Information shown Start Marker

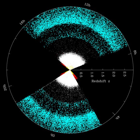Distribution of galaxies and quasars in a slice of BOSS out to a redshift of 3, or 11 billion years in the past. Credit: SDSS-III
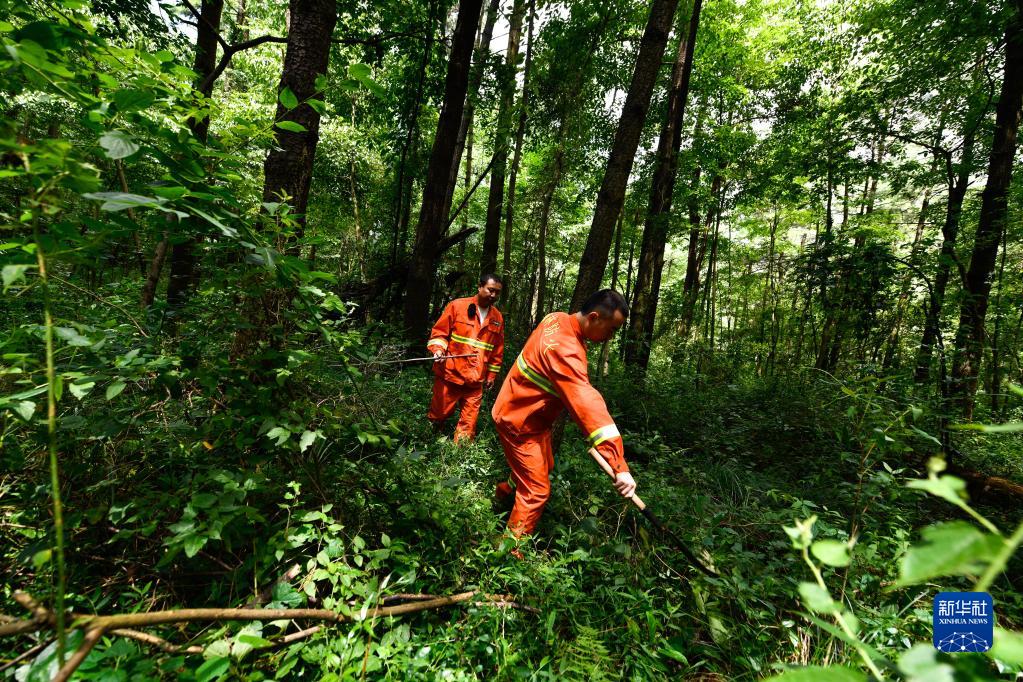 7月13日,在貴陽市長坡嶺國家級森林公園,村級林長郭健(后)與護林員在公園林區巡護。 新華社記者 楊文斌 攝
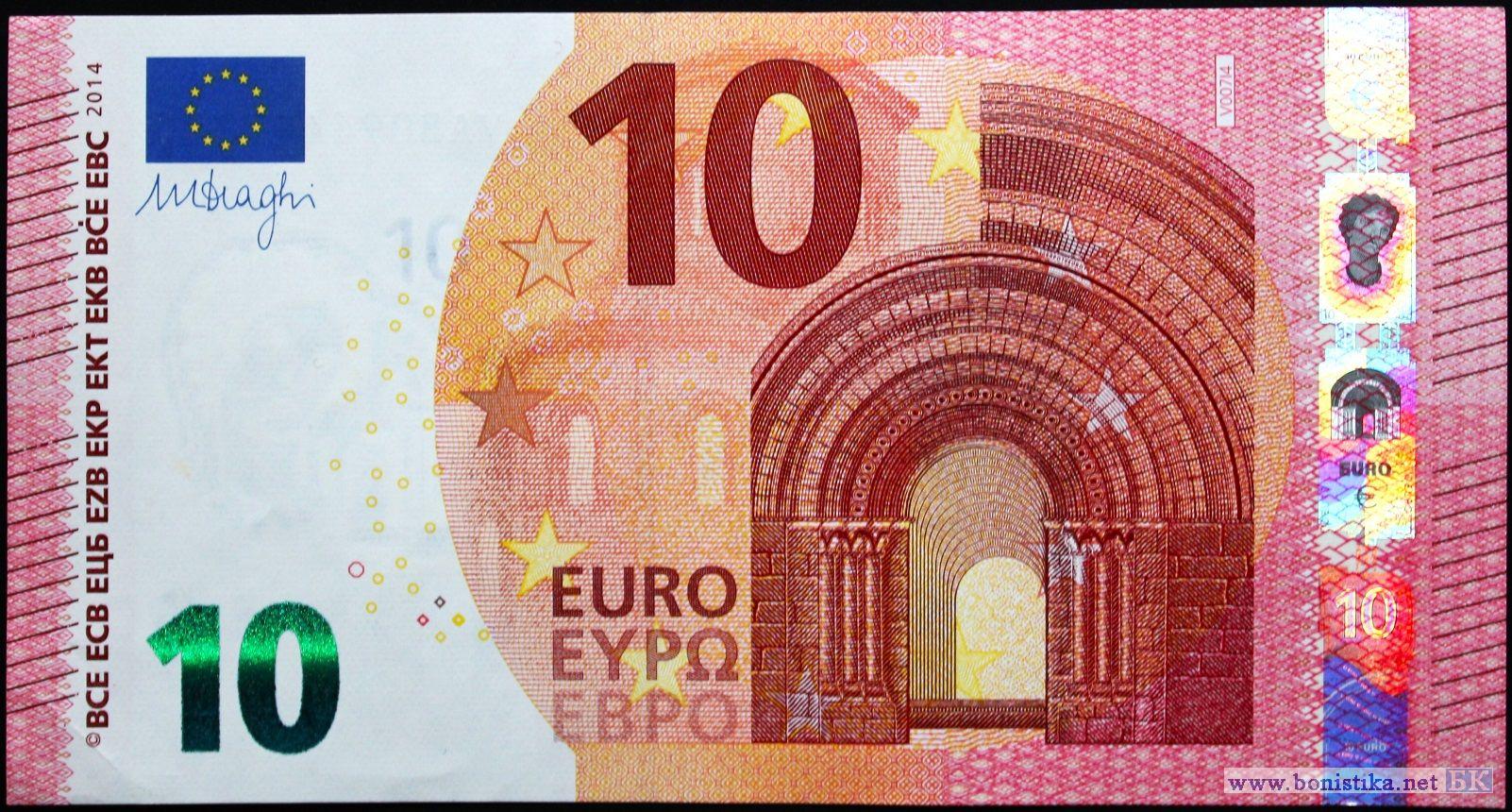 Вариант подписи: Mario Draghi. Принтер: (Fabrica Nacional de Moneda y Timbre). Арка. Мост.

Information shown End Marker

■ **Your task**: Leave the pictures out and return the rest of the listing exactly.

■ **Result of the exercise**:
Distribution of galaxies and quasars in a slice of BOSS out to a redshift of 3, or 11 billion years in the past. Credit: SDSS-III
 7月13日,在貴陽市長坡嶺國家級森林公園,村級林長郭健(后)與護林員在公園林區巡護。 新華社記者 楊文斌 攝
 Вариант подписи: Mario Draghi. Принтер: (Fabrica Nacional de Moneda y Timbre). Арка. Мост.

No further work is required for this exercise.